MBC is available on the following platforms:

- Freeview: Channel 259 (United Kingdom)
- Freely: Channel 562 (United Kingdom)

=== Privacy and consent management ===
MBC operates using digital advertising technology designed to comply with industry standards for user privacy and consent. The service is certified under version 2.2 of the Interactive Advertising Bureau Transparency and Consent Framework (TCF), which provides a standardised approach for managing user consent in digital advertising environments.

When accessing internet-delivered content, viewers are presented with a consent notification that explains how data may be used to support advertising, measurement, and service functionality. Users are able to give, withhold, or manage consent preferences before personalised advertising is delivered. This consent-based approach is comparable to cookie consent mechanisms used on websites.

The implementation of TCF 2.2 enables MBC to integrate with programmatic advertising partners while adhering to applicable data protection and privacy requirements across connected TV and hybrid broadcast platforms.

== History ==
The service adopted its current portal-based format on 21 July 2024, expanding from a single-channel offering into a multi-channel television service delivered via an HbbTV application. At launch, the available channels included MovieSphere by Lionsgate, Wicked Tuna, Rookie Blue and Music Legends. Later additions included, Lifetime Movies, Dog the Bounty Hunter and Ice Road Truckers.

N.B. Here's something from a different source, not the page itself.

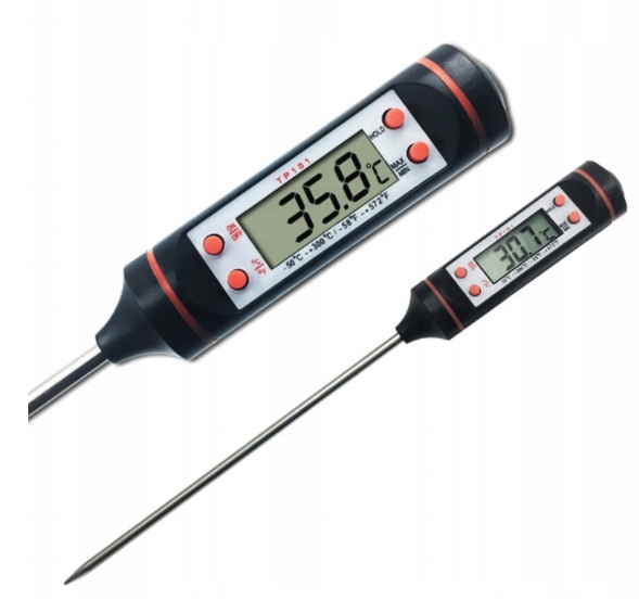 - Компактні розміри та легкість Використання - Термометр має компактні розміри та оптимально довгу голку для вимірювання, що робить його використання дуже простим. Пристрій легкий, зручний і надійно лежить у руці, що полегшує керування цим кухонним гаджетом. На дисплеї є кнопки з написами, що спрощує роботу. Товар має футляр у вигляді пластикової трубки.

In April 2026, the service underwent a realignment, during which Music Legends was removed and Wicked Tuna, Dog the Bounty Hunter and Ice Road Truckers were transferred to sister Channel, Trailblazer. At the same time, new channels were introduced including Mr. Bean and 8 Out of 10 Cats, both distributed by Banijay.

MBC launched on the Freeview platform on channel 272 before moving to channel 259 in August 2024.